The second is “Have the Talk of a Lifetime,” which offers families practical advice and tools to help them have conversations about the things that matter most and how they hope to be remembered when they die and for generations to come. This wonderful program has been offered through The Funeral and Memorial Information Council for some time and I’ve put it on the back burner. It’s time to make this worthwhile program more accessible to our families:  https://www.talkofalifetime.org/

The expo hall was nothing short of amazing. It literally took us the three days of the convention to get around the hall. It was nice to catch up with old friends and learn about new products. Some of the new services and products are a bit gimmicky. Others seem to be promising to provide convenience, meaning, and value to our families. 

While I was waiting for an Uber outside of the hotel I heard someone say “Steve?” I looked over, and in surprise said “Dan?” It was Daniel Biggins, a funeral director from Boston, whom I worked with in the Medical Examiner’s office in New York City after 911. Although we stayed in touch through Facebook, etc., it was the first time we have run into each other. 

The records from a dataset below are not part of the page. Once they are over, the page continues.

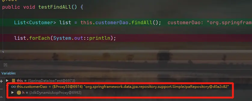 当程序执行的时候,会通过JdkDynamicAopProxy的invoke方法,对customerDao对象生成动态代理对象。根据对Spring Data JPA介绍而知,要想进行findAll查询方法,最终还是会出现JPA规范的API完成操作,那么这些底层代码存在于何处呢?答案很简单,都隐藏在通过JdkDynamicAopProxy生成的动态代理对象当中,而这个动态代理对象就是SimpleJpaRepository
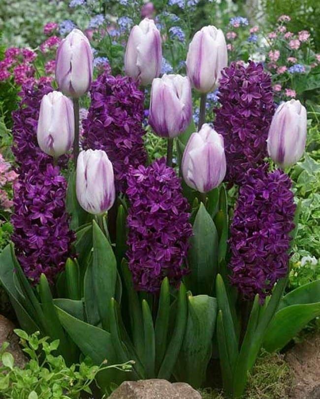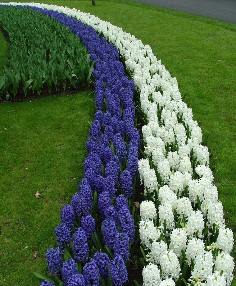 При посадке гиацинтов среди других растений сажайте их группами не менее чем по 5 луковиц. В одном из моих многолетних садов я сажаю смесь оттенков синего группами по 5-7 луковиц, расположенных на расстоянии около 4 футов друг от друга вдоль передней части грядки. Ритм этих повторяющихся луж голубого цвета притягивает взгляд к дорожке и наполняет благоуханием весь передний двор.
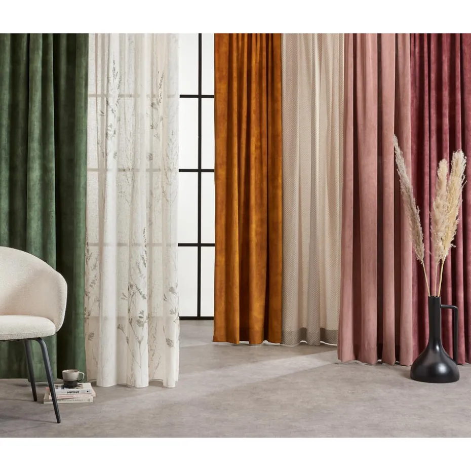 Lichtdoorlatende gordijnstof Rosy Oker heeft een subtiele glans. Het zachte velours zorgt voor een warme uitstraling. Rosy is gemaakt van 100% polyester en de vleug valt omlaag van de stof. Stevig, vormvast en soepel. Dit velours gordijn is zeer geschikt om jouw huis te isoleren, vooral in de koude wintermaanden. Daarnaast heeft velours ook als functie dat de kamer waar je deze gordijnen ophangt, veel minder hol klinkt. 141 cm breed.

The best lesson I learned from attending the International Convention was not to wait another thirty plus years to go. There is much to be gained in our memberships in PFDA, NFDA, and International Order of the Golden Rule. It’s easy to get caught up in the day to day of serving our families, but it’s important to refresh and take advantage of the learning opportunities provided by our state and national/international associations. Spending quality time with my wife, son, and cousin and his wife, whom I see too infrequently, was icing on the cake.